さて、ここからわかるのは同じ外延を与えられたときに異なる複数の内包が割り当てられる可能性があるということである。

では反対に、同じ内包を与えられた時に異なる外延が複数あるということはあり得るのか? ある、と答えたい。

ここで私は、例えば眠ってみる夢を念頭においている。夢でどのような経験──そもそもそれを「経験」と呼ぶべきかどうか?という問題もあるが──をして来たかにはもちろん個人差があるから、私が指摘する特徴を考えられない・認められないという人もいるかもしれないがそれはいったん脇に置かせてもらうとしよう。

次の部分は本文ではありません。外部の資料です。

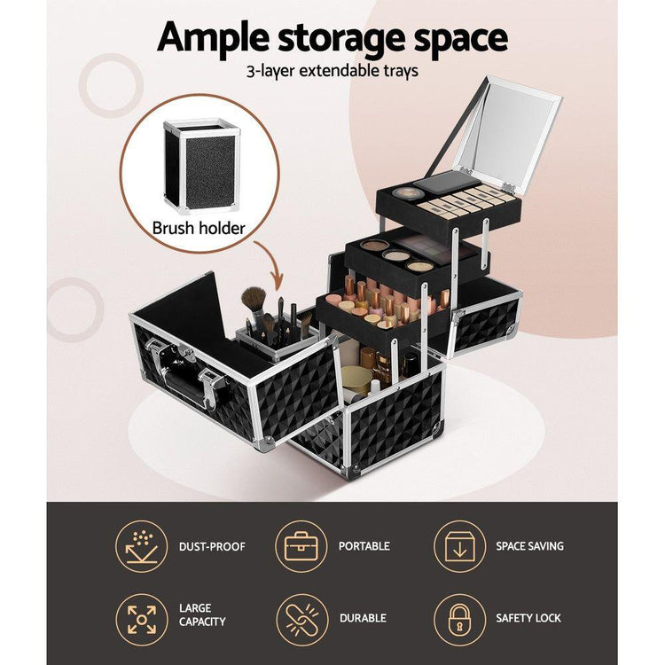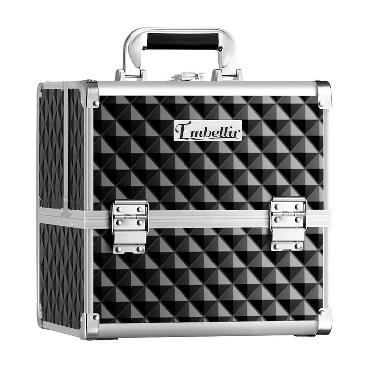 A professional makeup artist should have all the right tools at hand. What better way to keep your makeup organised than our stunning, stylish Embellir Beauty Case. Big enough for all your makeup and beauty products, but lightweight enough to make travelling a breeze, it's no longer a hassle take your beauty regime on the road. Three delicate trays fold out to hold all your supplies and includes a fold out mirror for quick fixes. The case is made of tough aluminium with an ABS plastic exterior for hardiness and durability. The inside is coated in black velvet for a luxurious look and feel, and to protect your products. The convenient carry handle, lightweight construction and lockable design make it perfectly portable. Whether you're a professional makeup artist or just a hobbyist, the Embellir Beauty Case is perfect for you!

眠ってみる夢でどんなことが起こるか。例えばそれは会ったことの無い人物に出会うことや、会うはずの無い人物に出会うことである。あるいは知り合いの誰それにあって話をした、と確信していたけれども、しかし朝起きてその姿形を思い出してみるとまったくの別人、あるいはやはり会ったこともない赤の他人だということもある。このような事態を私は内包が同じでも外延が全く異なる事例として解釈する。

だから、もし内包と外延の関係、あるいはどちらがどちらに依存しているのか?と問う人がいるならば私はそうではない、両者は独立の関係にあると答えることになるだろう。言い換えれば、物理的な状態が同じだからといって内包の何たるかが決まるとは限らないし、反対に内包が与えられても物理的状態──実装と呼んでもよかろう──が決まるとは限らないということである。

この記事が気に入ったらサポートをしてみませんか?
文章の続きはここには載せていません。